BRIEF
Directions for the data below: repeat exactly the lines from the one with "Rapat Paripurna Penyampaian" through the one with "Dieser Croton wird", both included, and omit all pictures.

Records from a dataset

----------

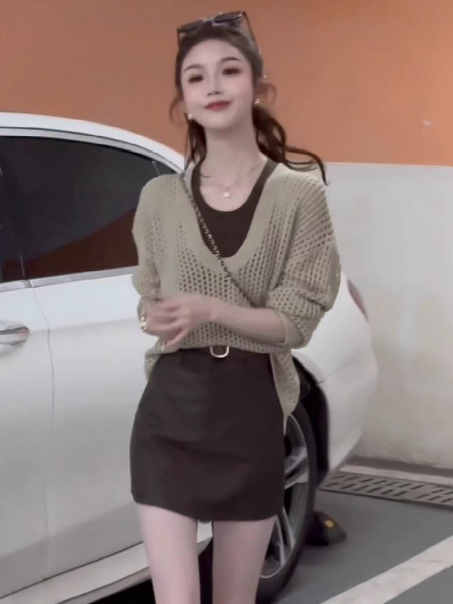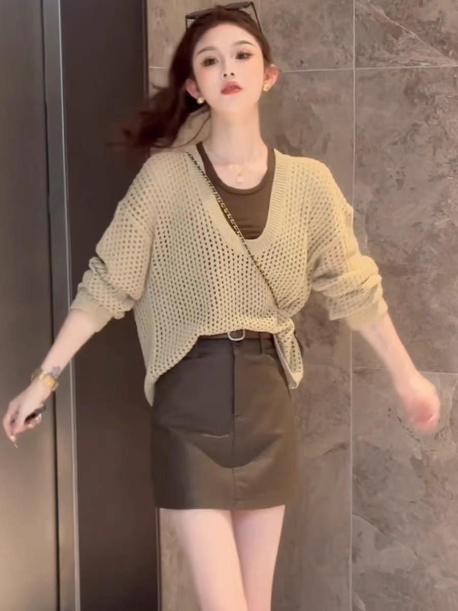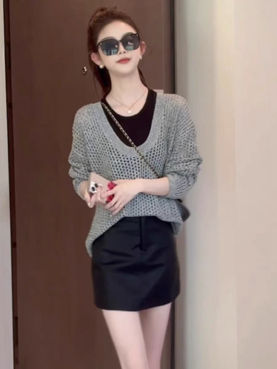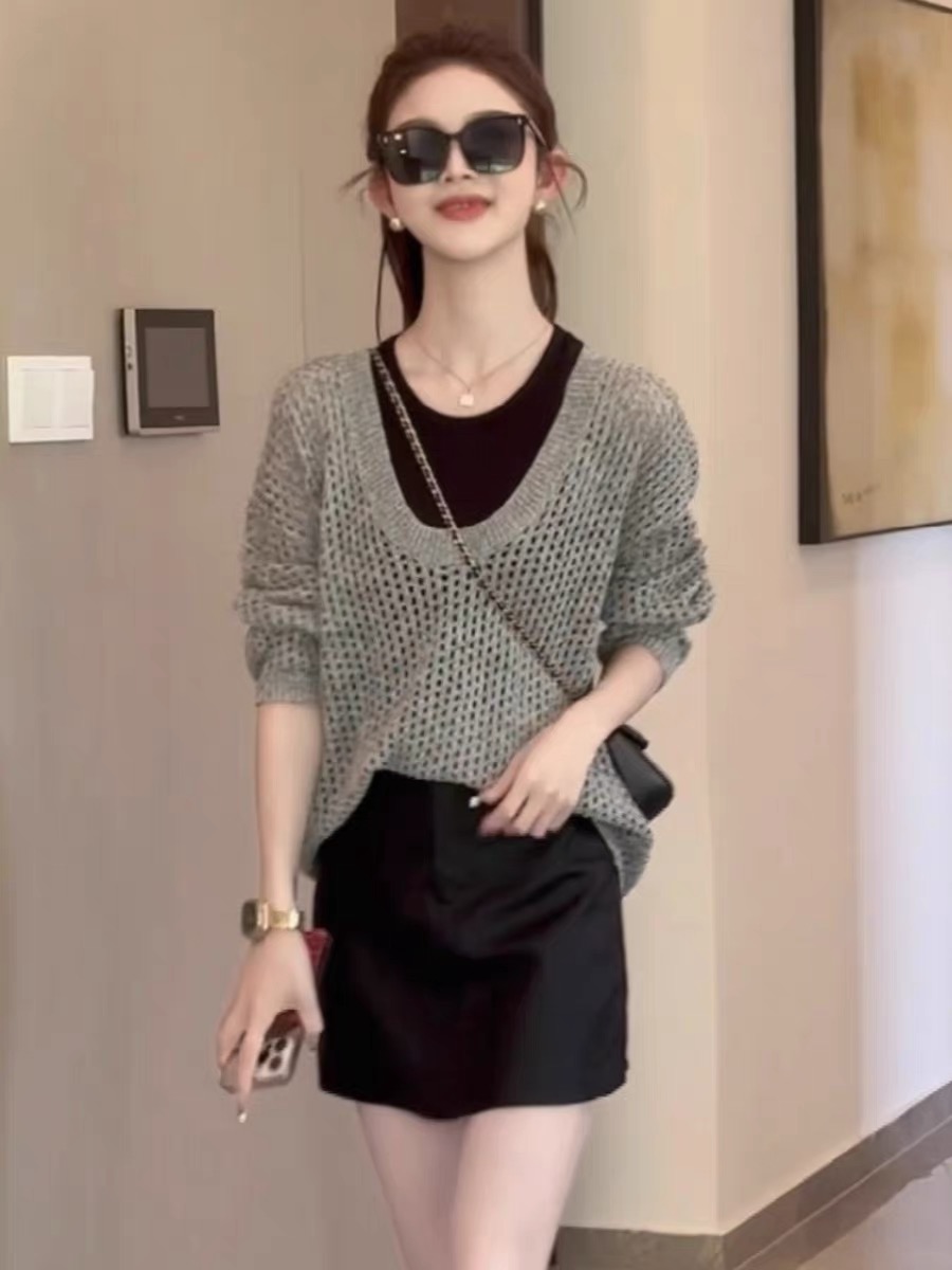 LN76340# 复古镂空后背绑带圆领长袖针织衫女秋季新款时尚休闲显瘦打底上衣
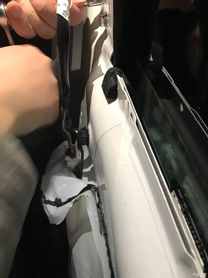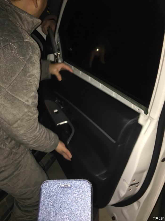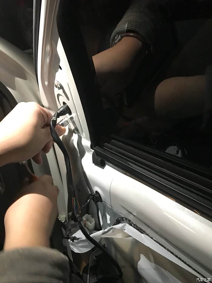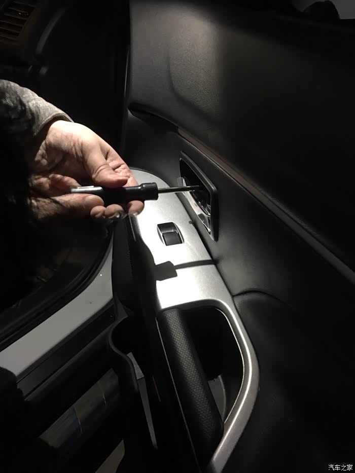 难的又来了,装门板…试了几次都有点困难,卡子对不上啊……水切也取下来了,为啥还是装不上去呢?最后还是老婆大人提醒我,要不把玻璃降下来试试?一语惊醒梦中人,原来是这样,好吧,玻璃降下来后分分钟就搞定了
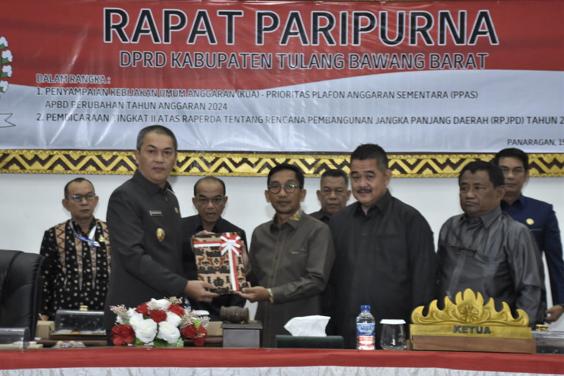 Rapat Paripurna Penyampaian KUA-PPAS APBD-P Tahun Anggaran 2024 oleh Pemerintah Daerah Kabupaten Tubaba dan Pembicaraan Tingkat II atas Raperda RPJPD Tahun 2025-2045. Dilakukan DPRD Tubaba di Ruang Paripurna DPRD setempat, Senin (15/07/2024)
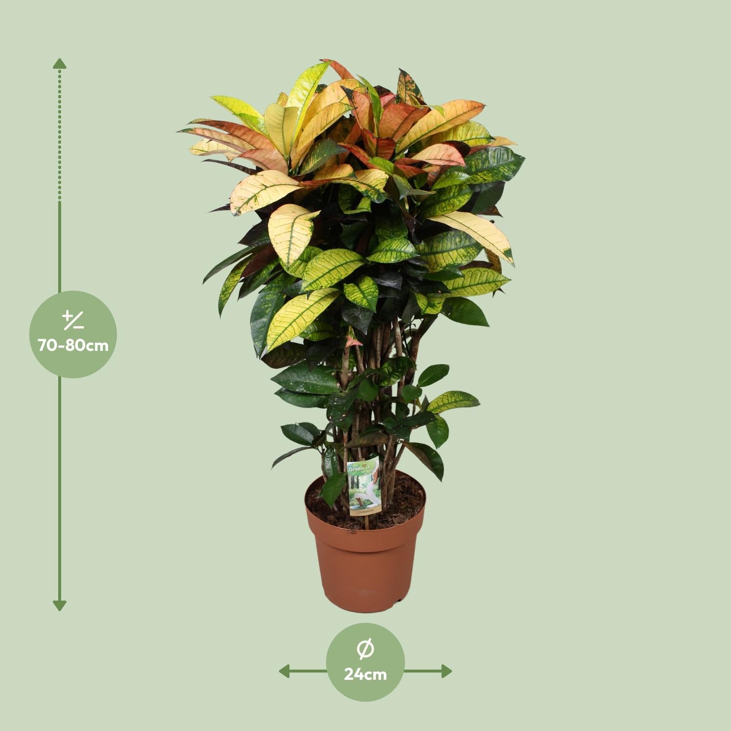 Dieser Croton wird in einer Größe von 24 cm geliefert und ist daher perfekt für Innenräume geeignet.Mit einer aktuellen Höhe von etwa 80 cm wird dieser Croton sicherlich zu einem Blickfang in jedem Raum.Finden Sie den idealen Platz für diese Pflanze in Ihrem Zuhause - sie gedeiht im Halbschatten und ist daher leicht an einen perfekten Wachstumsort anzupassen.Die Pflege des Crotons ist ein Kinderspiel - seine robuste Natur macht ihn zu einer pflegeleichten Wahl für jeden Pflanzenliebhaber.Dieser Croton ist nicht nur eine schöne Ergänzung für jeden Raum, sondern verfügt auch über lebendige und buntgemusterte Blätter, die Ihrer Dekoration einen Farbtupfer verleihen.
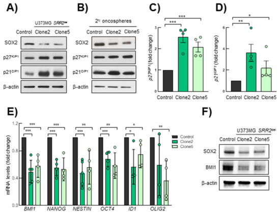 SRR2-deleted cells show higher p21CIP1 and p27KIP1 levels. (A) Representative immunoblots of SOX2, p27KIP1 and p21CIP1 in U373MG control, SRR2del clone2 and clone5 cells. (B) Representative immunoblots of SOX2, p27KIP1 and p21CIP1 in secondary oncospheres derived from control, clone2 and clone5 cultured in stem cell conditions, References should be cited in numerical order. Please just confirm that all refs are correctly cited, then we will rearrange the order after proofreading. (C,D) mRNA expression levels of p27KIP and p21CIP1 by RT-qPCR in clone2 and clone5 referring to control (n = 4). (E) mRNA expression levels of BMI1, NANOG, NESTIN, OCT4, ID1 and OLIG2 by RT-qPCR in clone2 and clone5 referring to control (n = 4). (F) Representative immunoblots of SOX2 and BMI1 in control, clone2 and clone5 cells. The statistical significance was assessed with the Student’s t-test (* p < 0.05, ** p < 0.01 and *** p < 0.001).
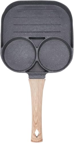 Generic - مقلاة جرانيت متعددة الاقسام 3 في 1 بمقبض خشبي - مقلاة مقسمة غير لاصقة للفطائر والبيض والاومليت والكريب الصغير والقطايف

----------

ANSWER FOR THIS EXERCISE
 Rapat Paripurna Penyampaian KUA-PPAS APBD-P Tahun Anggaran 2024 oleh Pemerintah Daerah Kabupaten Tubaba dan Pembicaraan Tingkat II atas Raperda RPJPD Tahun 2025-2045. Dilakukan DPRD Tubaba di Ruang Paripurna DPRD setempat, Senin (15/07/2024)
 Dieser Croton wird in einer Größe von 24 cm geliefert und ist daher perfekt für Innenräume geeignet.Mit einer aktuellen Höhe von etwa 80 cm wird dieser Croton sicherlich zu einem Blickfang in jedem Raum.Finden Sie den idealen Platz für diese Pflanze in Ihrem Zuhause - sie gedeiht im Halbschatten und ist daher leicht an einen perfekten Wachstumsort anzupassen.Die Pflege des Crotons ist ein Kinderspiel - seine robuste Natur macht ihn zu einer pflegeleichten Wahl für jeden Pflanzenliebhaber.Dieser Croton ist nicht nur eine schöne Ergänzung für jeden Raum, sondern verfügt auch über lebendige und buntgemusterte Blätter, die Ihrer Dekoration einen Farbtupfer verleihen.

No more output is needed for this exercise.